Stored records:
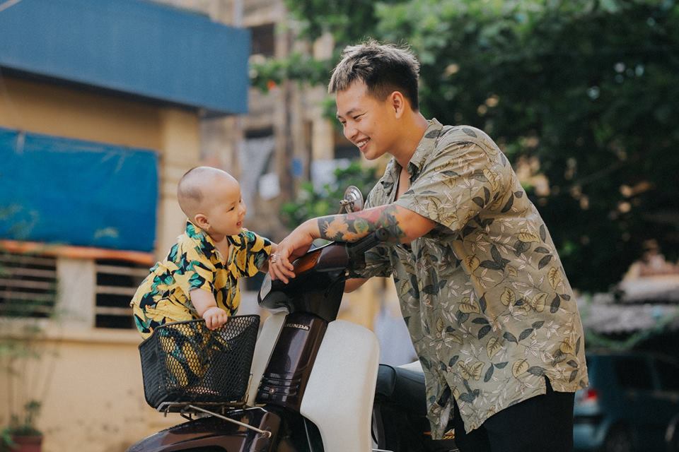 Nói về sự vắng mặt của người mẹ trong bộ ảnh, anh Thọ tiết lộ: “Mình thấy đa phần các bộ ảnh đều là mẹ và bé, những bộ ảnh bố và con thì ít người chụp. Nên lần này mình muốn thay đổi. Mình muốn nói rằng không phải chỉ có mẹ mới thể hiện tình cảm với con qua các bộ ảnh chụp mà các ông bố “bỉm sữa” cũng có thể làm được điều đó”.
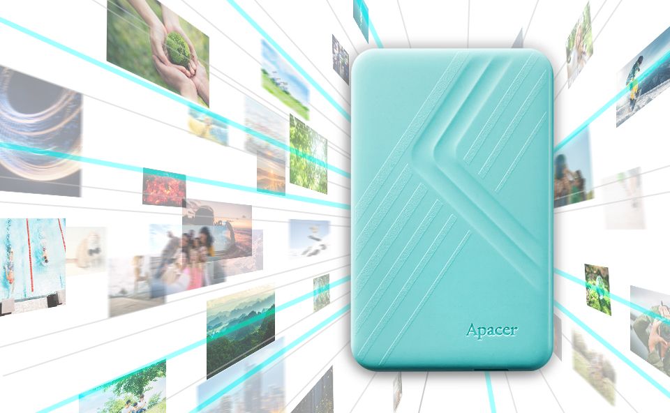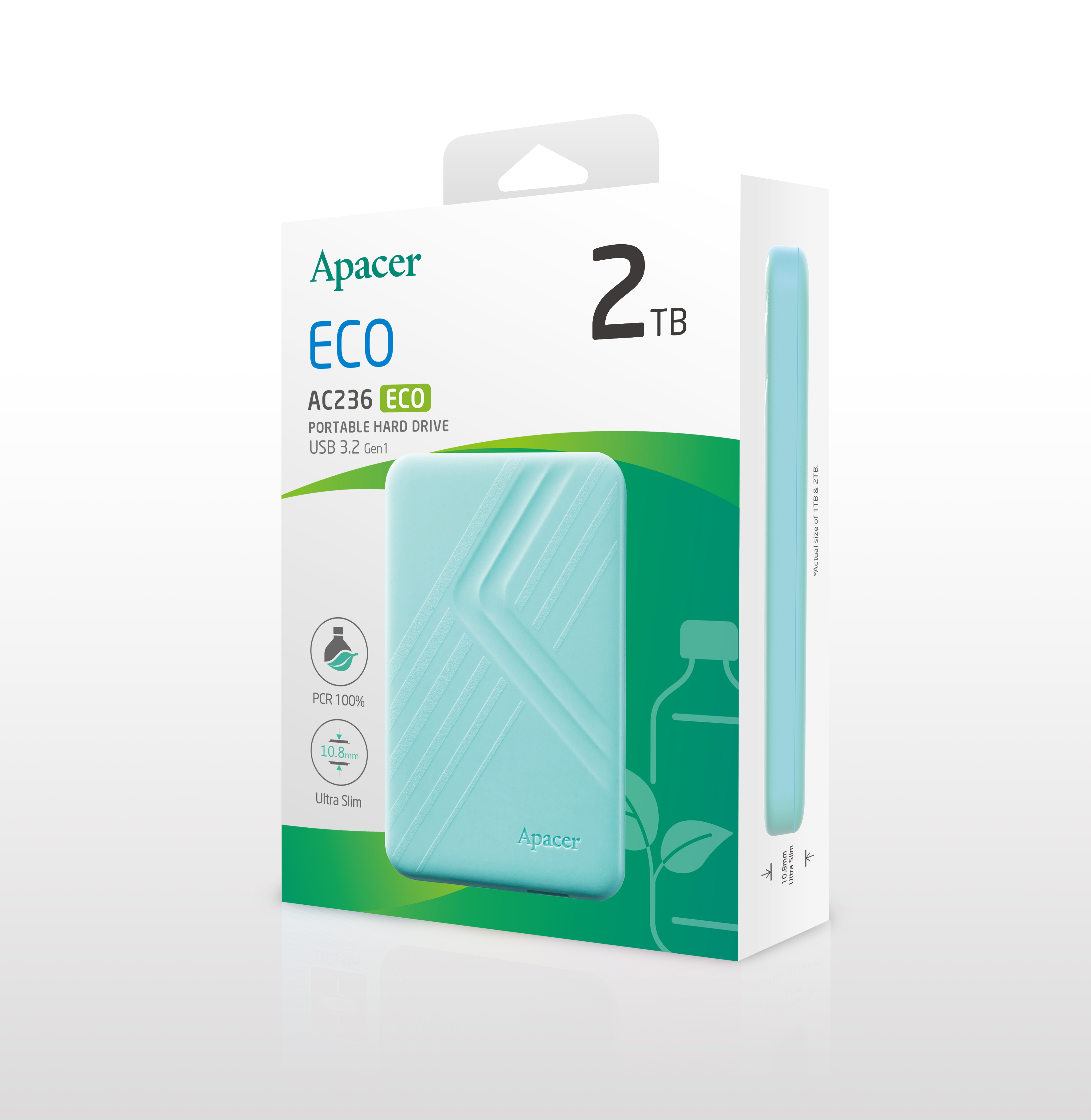AC236 ECO 휴대용 하드 드라이브는 PCR 100%* 재활용 소재로 제작되어 폐기된 플라스틱에 친환경 저장 제품**으로 제2의 생명을 불어넣었습니다.
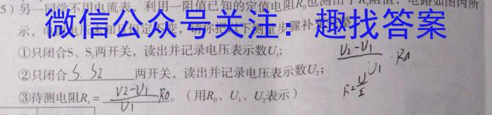 (5)另一同学不用电流表,利用一阻值已知的定值电阻R,也测出了R,阻值,电路如图两所R0示,电源电压未知且恒定不变,请你把以下测量步骤补充完整。S、S1①只闭合两开关,读出并记录电压表示数(U1;②只闭合3.32两开关,读出并记录电压表示数U;(U2;③待测电阻Rx=-11R0、U1、U2用R、U、U,表示)
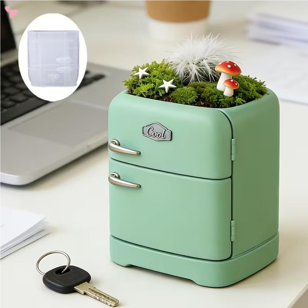 Molde De Silicone Retrô Para Mini Geladeira 3D , Lindo Plantador Suculento De E Fundição De Suporte De Caneta Concreto D
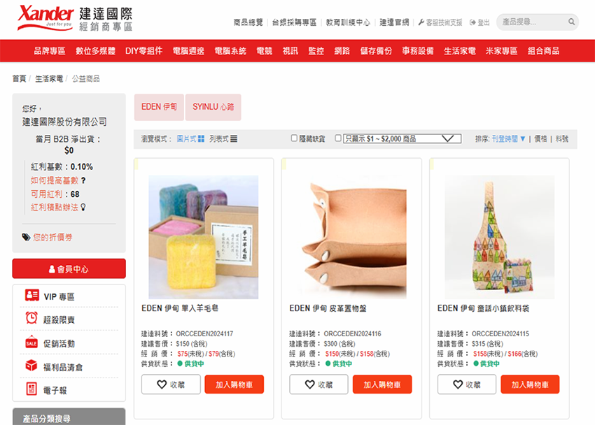 於建達國際經銷網站與『伊甸基金會』、『心路基金會』合作,上架銷售基金會成員所產製之文創商品、五折銷售予客戶、剩下費用由建達國際吸收價差,除協助基金會外,更寓意攜手客戶一同永續經營公益關懷。 |
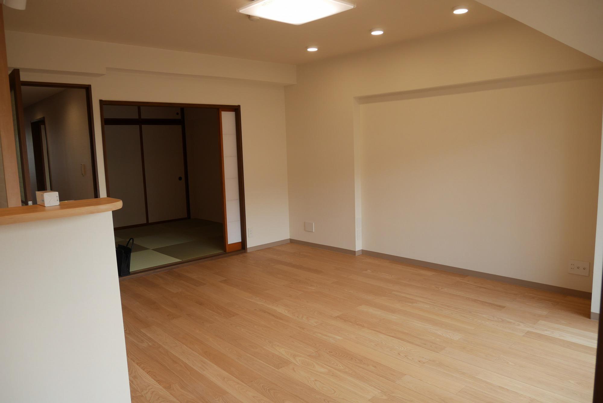 居間とキッチンの間の壁を取り去り、開放的に生まれ変わったLDK。
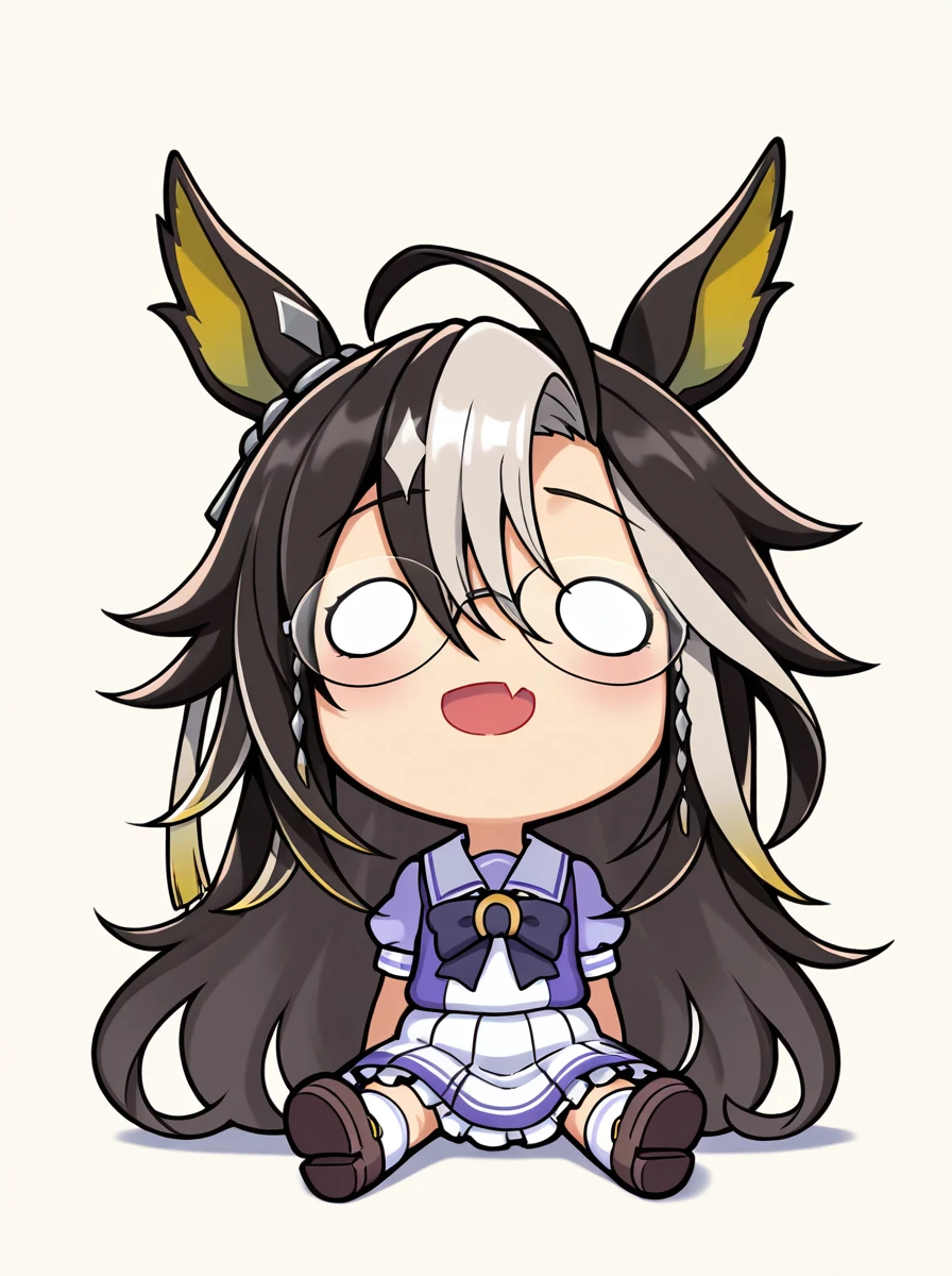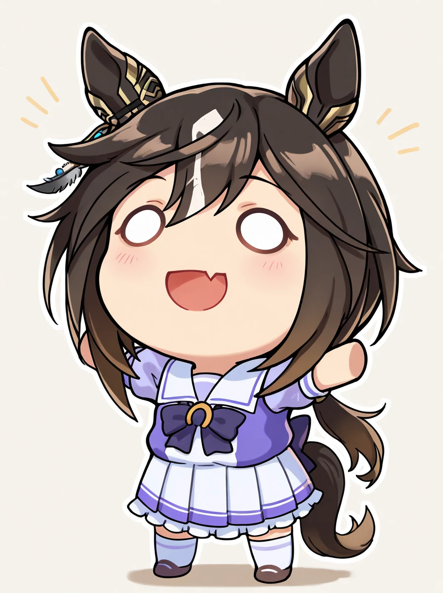 chibi brown hair, long hair, hair between eyes. brown hair , o o, smile, skin fang, :d, rabbit ears, blush stickers
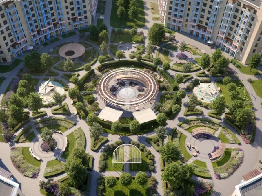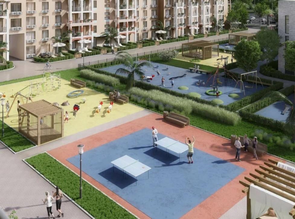 До ближайшего пляжа — около 50 минут ходьбы или 15 минут езды. В ЖК есть центральная кольцевая аллея — место притяжения жителей и гостей комплекса. По периметру выложены пешеходные дорожки для максимального удобства.
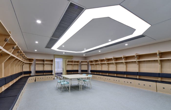 冰球更衣間占地面積2819平方米,由14個(gè)更衣室單元、2個(gè)公共制冰室、1個(gè)公共磨刀室組成。每個(gè)更衣單元包括運(yùn)動(dòng)員磨刀室、儲(chǔ)藏室、衛(wèi)生間、淋浴室、按摩室、教練室、更衣室各一間。
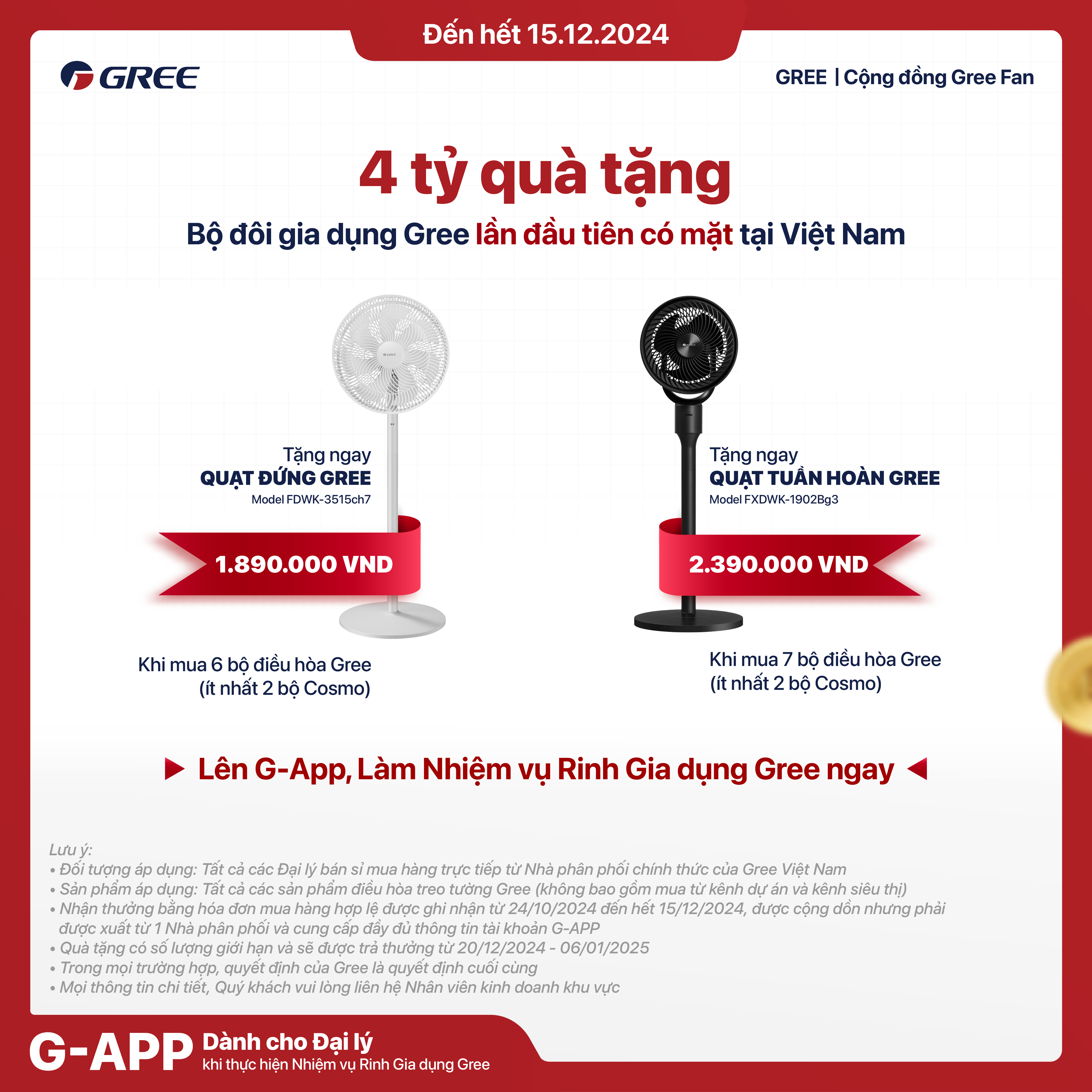 Đến hết ngày 15/12/2024, thông qua những Nhà phân phối chính thức của Gree, khi khách hàng tham gia mua các gói sau sẽ được tặng Gia dụng Gree lần đầu tiên ra mắt tại Việt Nam. Cụ thể:
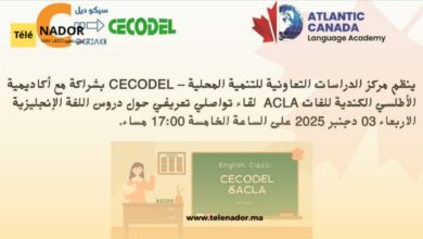 تيلي ناظور : نوال أموسى ينظم مركز الدراسات التعاونية للتنمية المحلية (CECODEL)، بشراكة مع أكاديمية الأطلسي الكندية للغات (ACLA)، لقاءً…
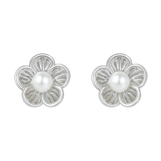 Aretes Dalia – Diseño Floral en Titanio Dorado y Plateado con Perla Blanca
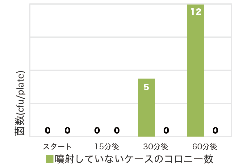 5push/㎥のきめつ水を噴霧した場合、空中落下菌は検出されなかった。

# Task objective:
Starting with the line above that holds "(5)另一同学不用电流表,利", restate each line word for word up to and including the line that holds "居間とキッチンの間の壁を取り去り、開放的に生まれ変わったLDK。". Drop the pictures.

# Your response:
 (5)另一同学不用电流表,利用一阻值已知的定值电阻R,也测出了R,阻值,电路如图两所R0示,电源电压未知且恒定不变,请你把以下测量步骤补充完整。S、S1①只闭合两开关,读出并记录电压表示数(U1;②只闭合3.32两开关,读出并记录电压表示数U;(U2;③待测电阻Rx=-11R0、U1、U2用R、U、U,表示)
 Molde De Silicone Retrô Para Mini Geladeira 3D , Lindo Plantador Suculento De E Fundição De Suporte De Caneta Concreto D
 於建達國際經銷網站與『伊甸基金會』、『心路基金會』合作,上架銷售基金會成員所產製之文創商品、五折銷售予客戶、剩下費用由建達國際吸收價差,除協助基金會外,更寓意攜手客戶一同永續經營公益關懷。 |
 居間とキッチンの間の壁を取り去り、開放的に生まれ変わったLDK。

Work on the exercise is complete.